Notably, there is significant evidence that for many applications, the loss function, which is used to optimize the network, should be metric-specific. In segmentation, Jaccard-like loss functions often outperform their pixel-wise counterparts (such as cross-entropy) (Eelbode et al., 2020; Mohajerani and Saeedi, 2021; Wang et al., 2024). We experimented with Jaccard-like losses early in project development but observed no apparent improvement over the standard cross-entropy loss.
The Dice score generalizes to an arbitrary number of dimensions. While it is typically used for 2D data, we make use of it in both 1D and 2D contexts. The overall Dice scores presented in the tables are 2D, while the altitude-dependent Dice scores in Figs. 4, 5, 6, 8, and 11 are 1D, as they describe a single row of the time and altitude cross-section given in the 2B-CLDCLASS labels.
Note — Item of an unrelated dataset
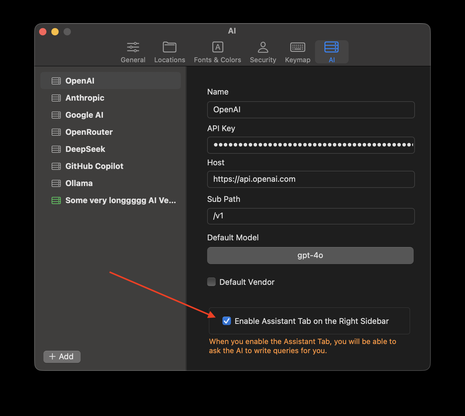 So the security is entirely dependent on your setup. If you block access to the LLM vendors, the TablePlus plugin will not work. The query that TablePlus sends to the LLM depends on your configuration—you can point it to OpenAI, Anthropic, Github Copilot... or a local LLM instance.

Alongside the Dice score, we report the bin-wise accuracy, which is the rate at which the model correctly assigns a pixel and altitude bin pair as cloudy or not cloudy. This metric is less strict than the Dice score and is less suited to labels with a strong imbalance between positives and negatives, as in our data. Our findings are therefore mostly based on the Dice score, but the inclusion of accuracy allows for easier comparison with other works.
4.2 Inter-run variability
Due to the stochastic nature of machine learning, the same experiment will yield variable results given different initializations of the network, as well as differences in the shuffled order of the training set. In this work, the inter-run variability is an important factor to consider. Repeating the U-Net experiment three times, for example, yielded validation set Dice scores of 72.8 %, 73.1 %, and 73.4 %, although the simpler architectures experience less variance. We report the maximum test set accuracy over three runs; for all runs of an experiment and for all saved model checkpoints, we use the model which yields the highest Dice score on the validation set and report its Dice score on the test set. There is little variation between the validation set and the test set metrics. U-Net, for example, has a max validation set Dice score of 73.4 %, which drops to 73.2 % on the test set.
4.3 Architecture complexity
The three architectures described in Sect. 3.2 are evaluated, with results shown in Table 2. There is a large increase in skill from the single pixel model to the simple convolutional model and a negligible increase from the simple convolutional model to the U-Net.
As the POLDER 3 data are georeferenced using the surface elevation (and not the cloud-top height), there is a parallax-induced shift when clouds are present, particularly if those clouds occur at a higher altitude. The single-pixel model, which lacks spatial context, does not have access to adjacent pixels. The simple convolutional network and the U-Net, by contrast, can leverage surrounding pixels, making use of the information contained in the parallax. Another potentially useful quality of spatial context is that it captures more information about the scene dynamics, which may be used by the model.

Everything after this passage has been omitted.